WHAT IS EXPECTED: What is needed is an exact transcription of the line containing "Prov. | Comu. |" and every line after it through the end of the entries below, with no pictures.
━━━━
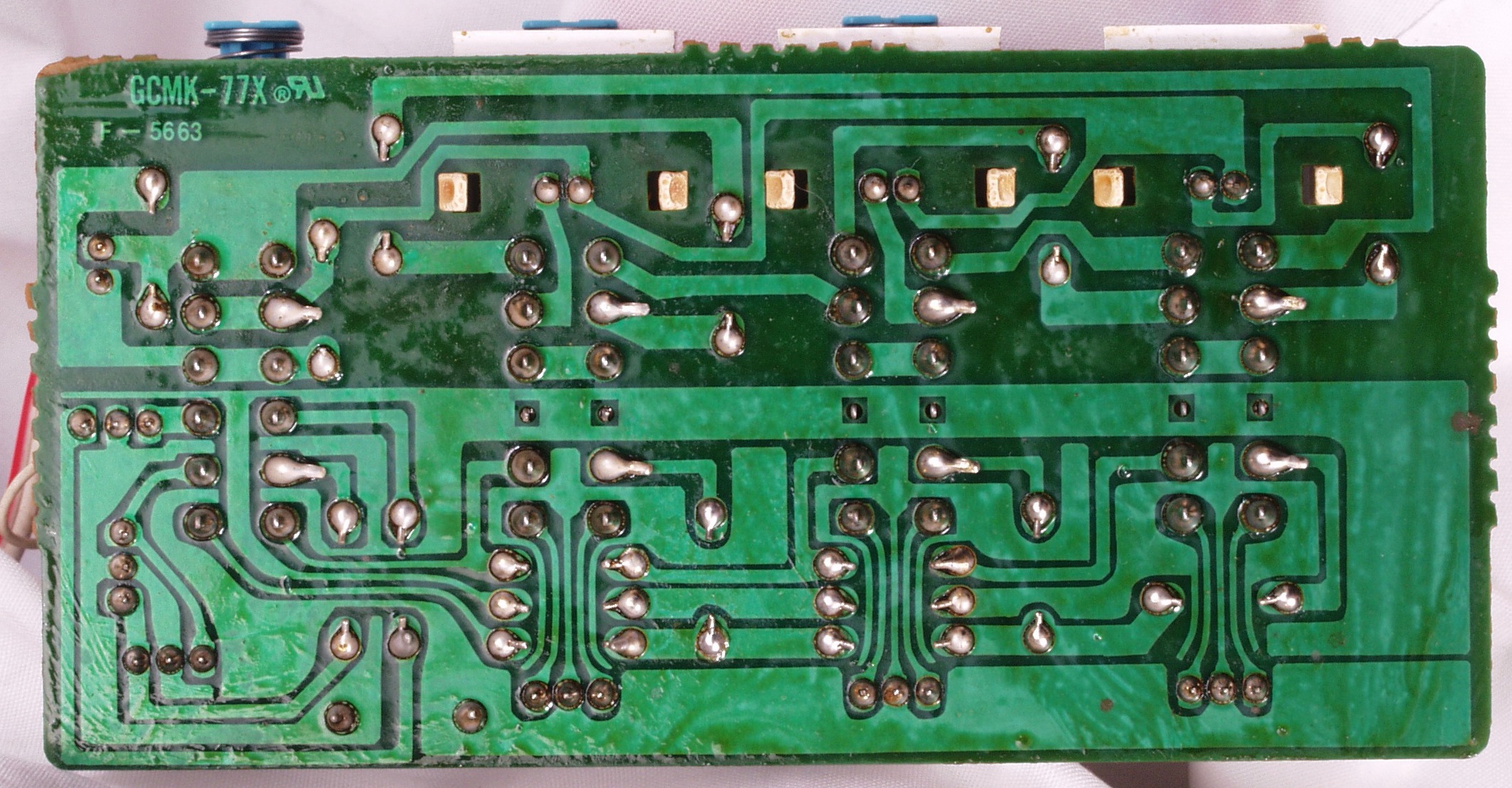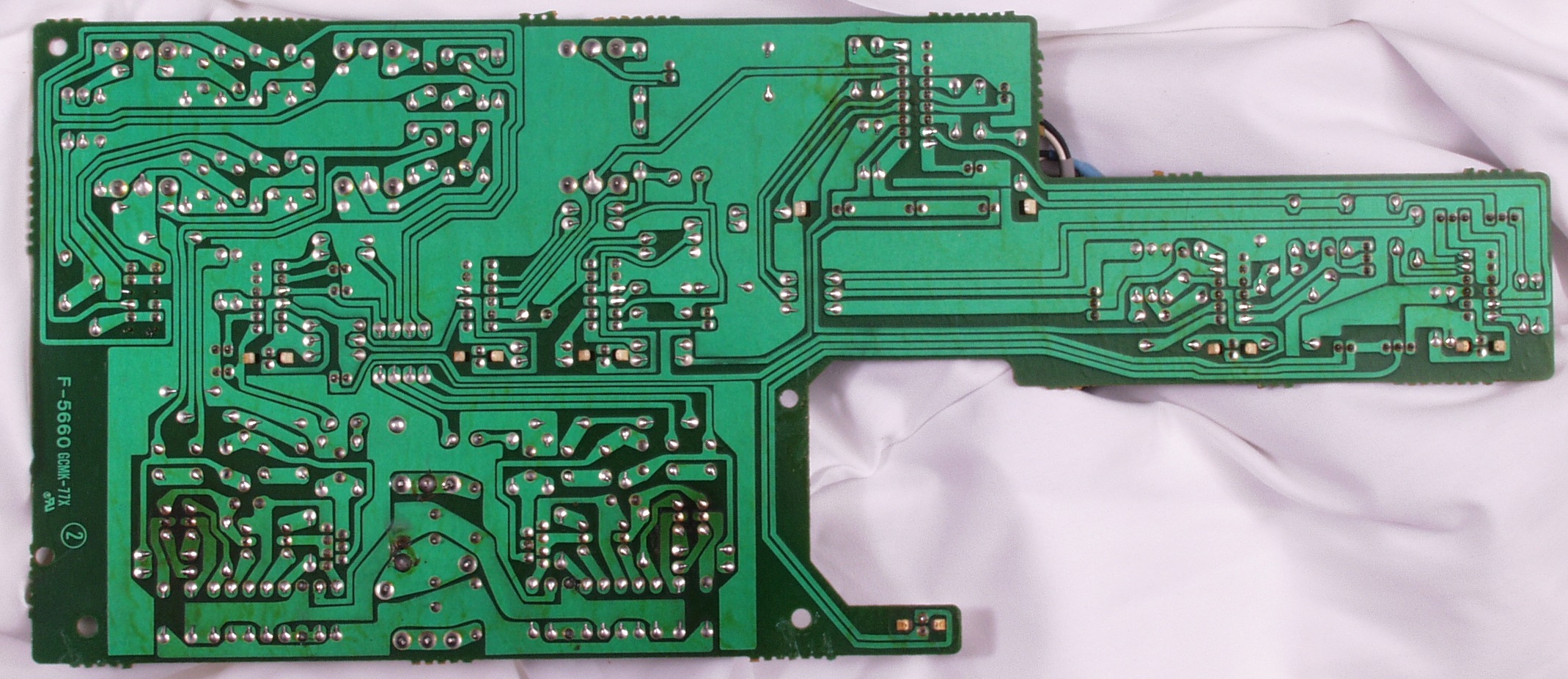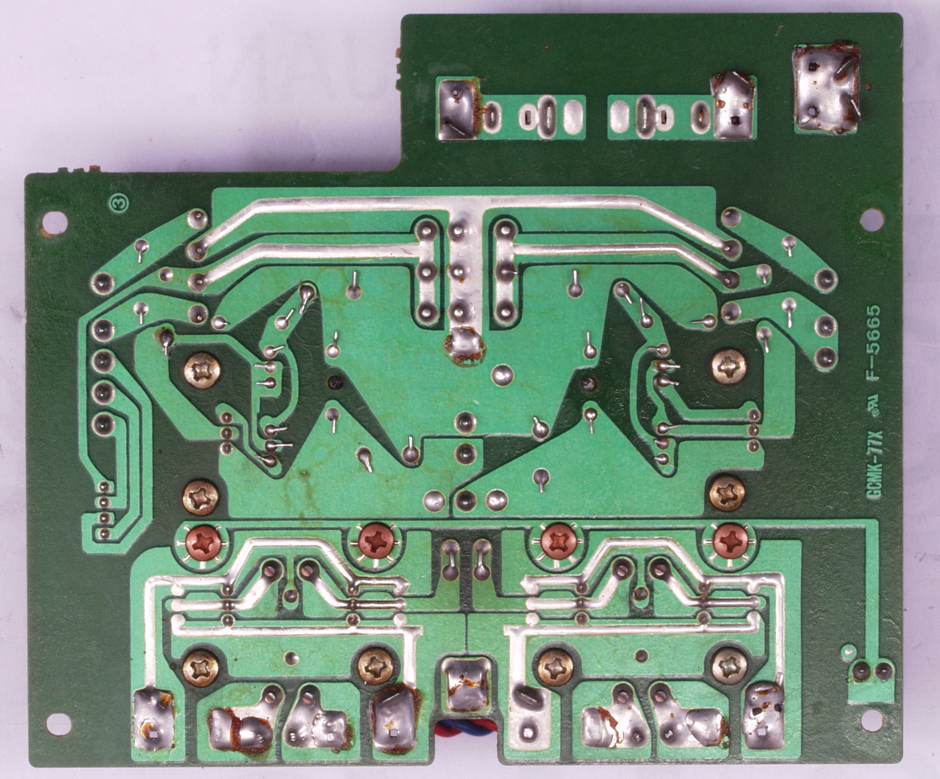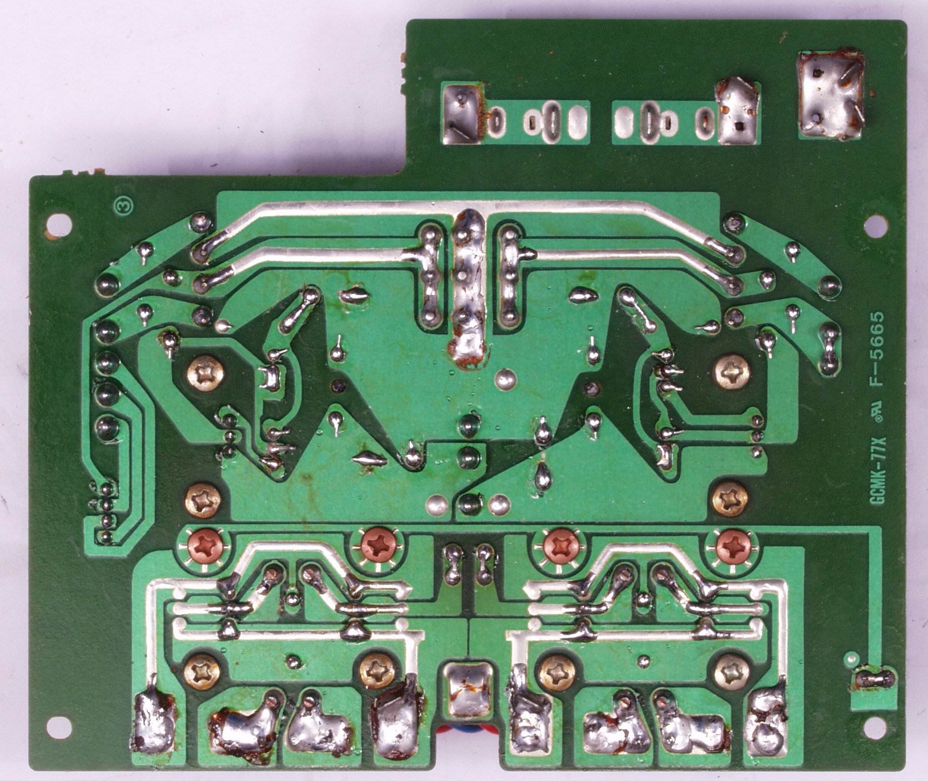 | CD61. 修理前 SP接続リレー&プロテクト基板裏 何かこぼしたのか基板が腐食している | ||||||||||||||||||||||||||||||||||||||||||||||||||
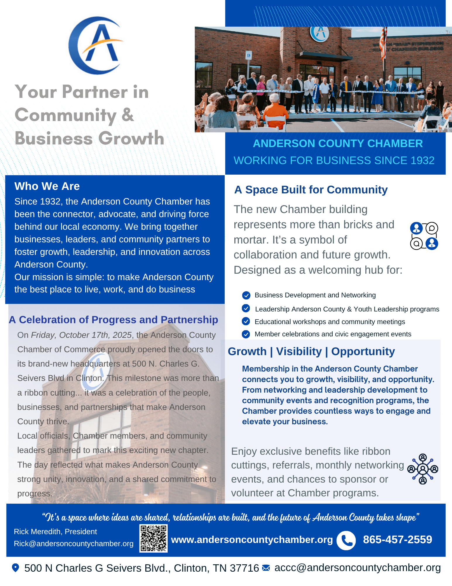 Whether you’re establishing a new business, seeking greater visibility, or looking to get more involved in the community, we invite you to experience all the Anderson County Chamber of Commerce has to offer. We are here to help you promote, support, and grow your business.
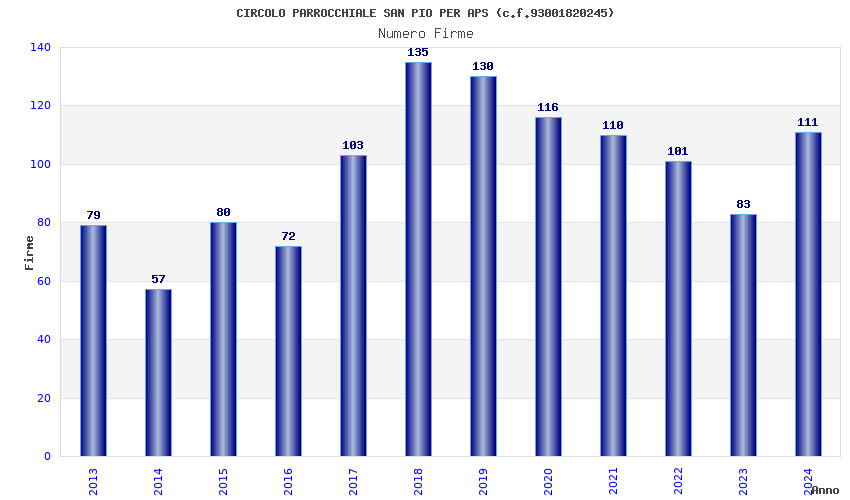 | Anno | Firme | Importi | Media | Naz. | Reg. | Prov. | Comu. |
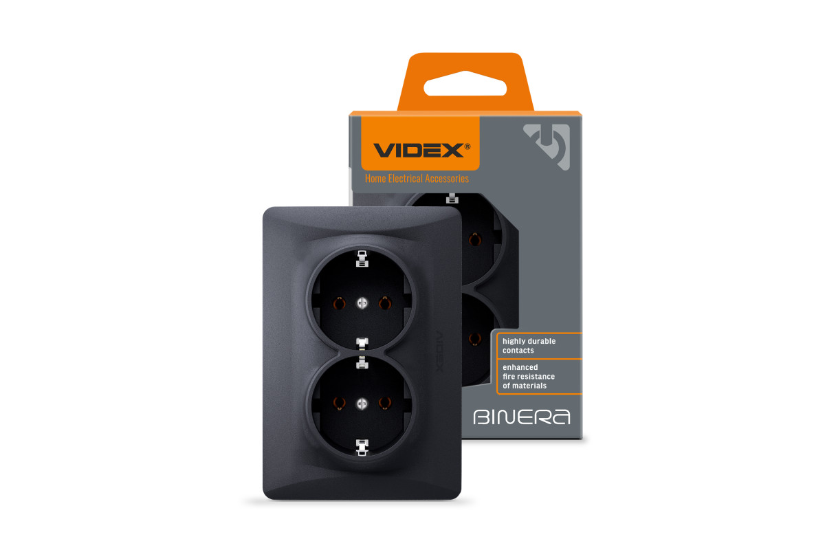 ❓ Хто виробник Розетка подвійна із заземленням чорний графіт VIDEX BINERA?
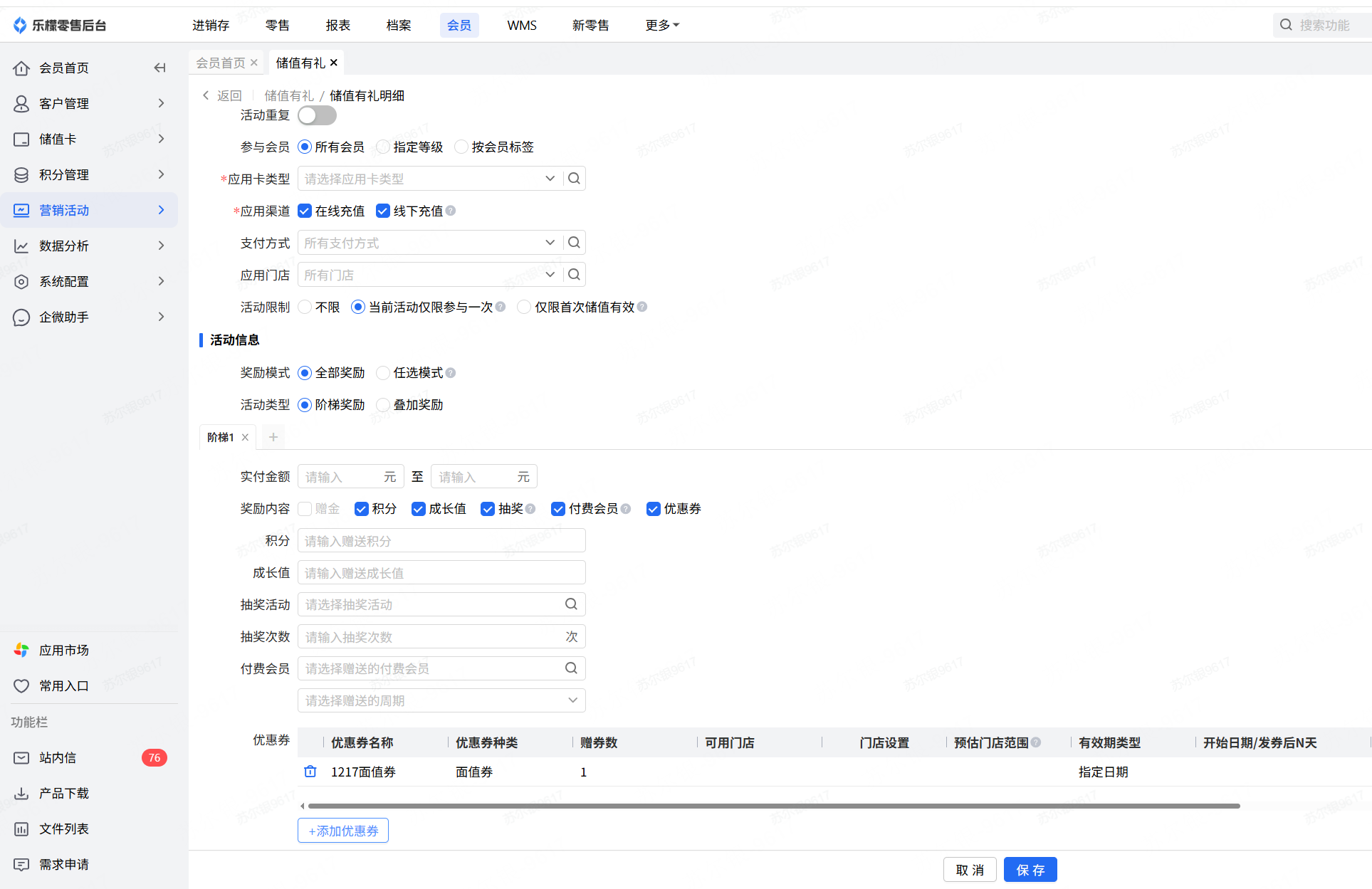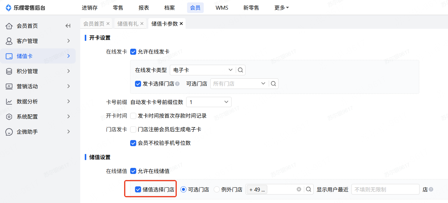线上充值设置了指定门店存款赠券,但充值时没有送券 | 储值卡参数没开启储值选择门店,在线上充值是固定充值门店是在管理中心的,但管理中心不在活动门店内所以不生效 | 根据所需情况设置 部分门店参与:开启储值选择门店即可 所有门店参与: 活动设置成所有门店参与即可 |
━━━━
SOLUTION TO THIS PROBLEM:
 | Anno | Firme | Importi | Media | Naz. | Reg. | Prov. | Comu. |
 ❓ Хто виробник Розетка подвійна із заземленням чорний графіт VIDEX BINERA?
线上充值设置了指定门店存款赠券,但充值时没有送券 | 储值卡参数没开启储值选择门店,在线上充值是固定充值门店是在管理中心的,但管理中心不在活动门店内所以不生效 | 根据所需情况设置 部分门店参与:开启储值选择门店即可 所有门店参与: 活动设置成所有门店参与即可 |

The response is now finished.